Let $(X,T)$ be a topological space and $A \subset X$. Show that $int(A)$ is the union of all open subsets of $A$.
We have defined the intererior of $A$, $int(A)$ to be the set of interior points. Furthermore $x \in X$ is an interior point if there is $U \in U_x$ with $U \subset A$. Where $U_x$ is the neighbourhood system of $x$.
For every point $x_i \in int(A) \ \exists U \in U_x \ : \ U \subset A$. Since $U \in U_x \ \exists V \in T (open) \ : \ x_i \in V_i$ and $V_i \subset U \subset A$. Therefor we can conclude $\cup_i V_i \subset A$.

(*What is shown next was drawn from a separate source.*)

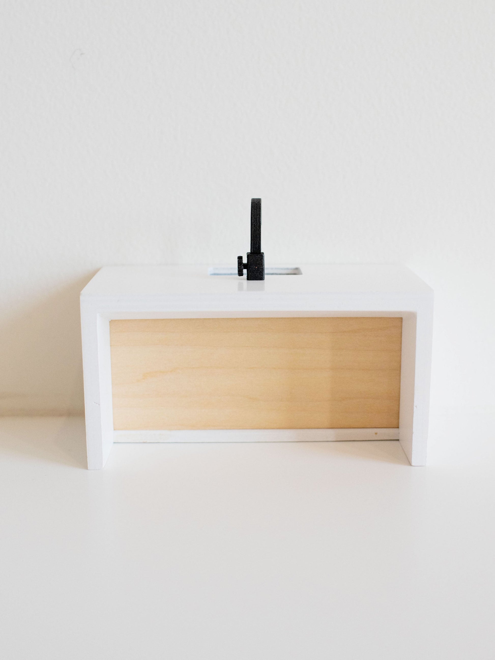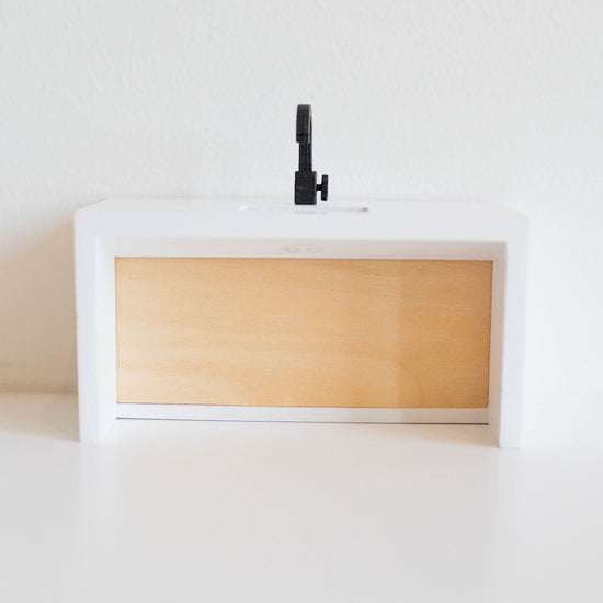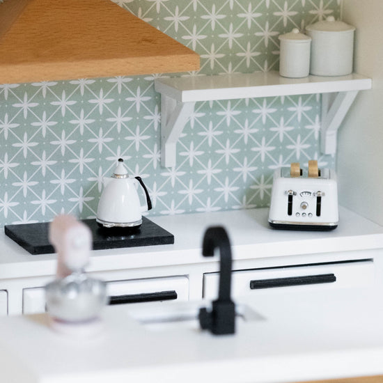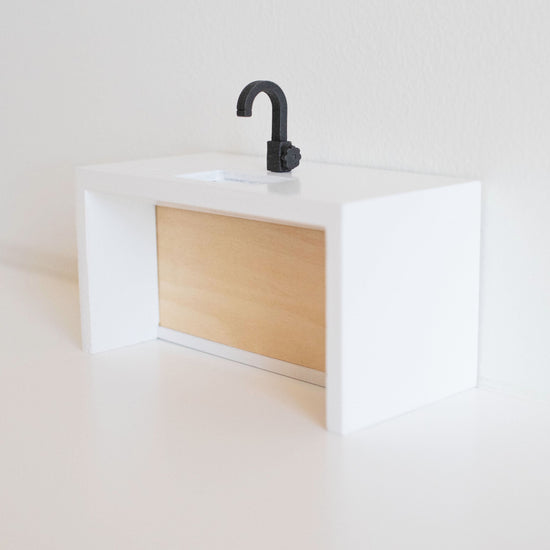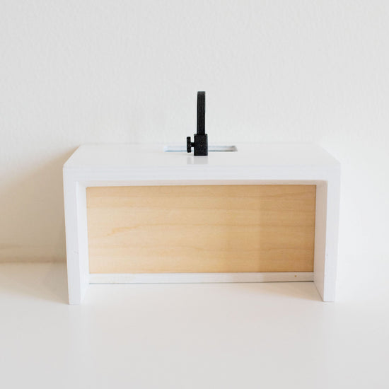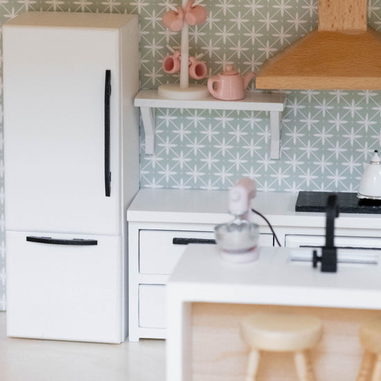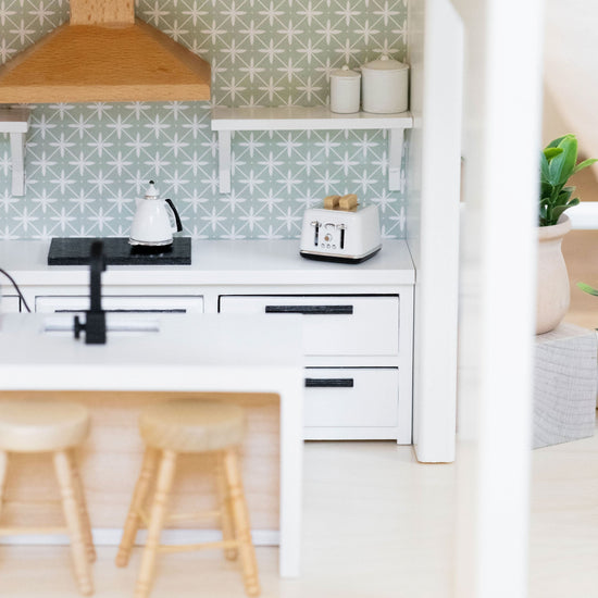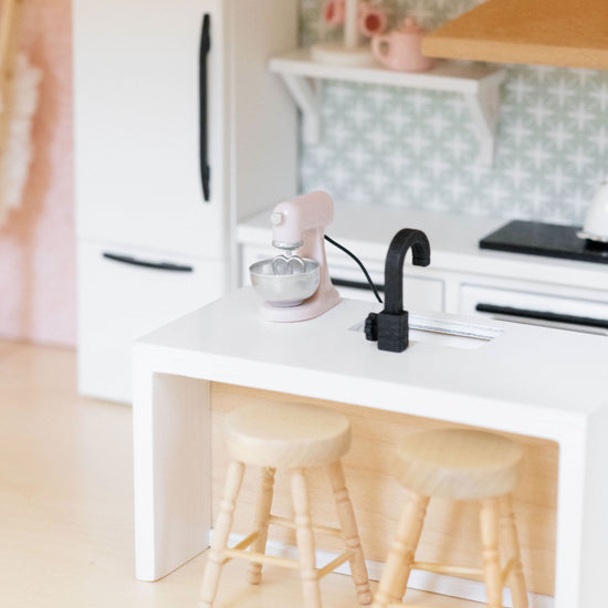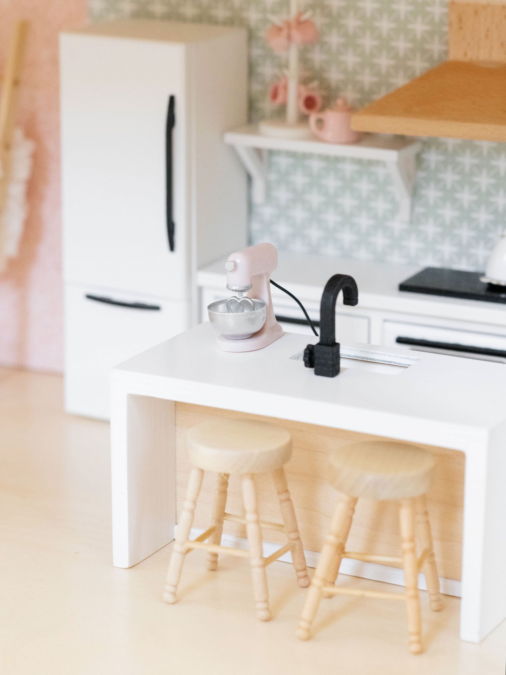 When it comes to the heart of any home, no other feature feels as modern as adding in a miniature island. Stunningly beautiful center island with wood front/back, sleek white waterfall edge, and modern black wood faucet. Place a couple of barstools so your miniatures can converse while prepping meals and doing dishes!

Now I need help with how I can proceed.
Edit from comment.
$U_x = \{U \in X : U \text{ neighbourhood of } x\in X \}$ A set $U \subset X$ is called a neighbourhood if there is $V \in T$ with $x \in V$ and $V \subset U$.
Best Answer
Let $Y$ be the union of all open subsets of $A$.
Therefore, $Y\subseteq A$ and $Y$ is open (since the union of arbitrary open sets is open). Therefore, if $y\in Y$, then $y\in \operatorname{int}(A)$ as we can use $Y$ for $U_y$.
Suppose $x\in\operatorname{int}(A)$, then $U_x$ is an open subset of $A$ containing $x$, so $U_x$ is in the union defining $Y$. Therefore, $U_x\subseteq Y$ and so $x\in Y$.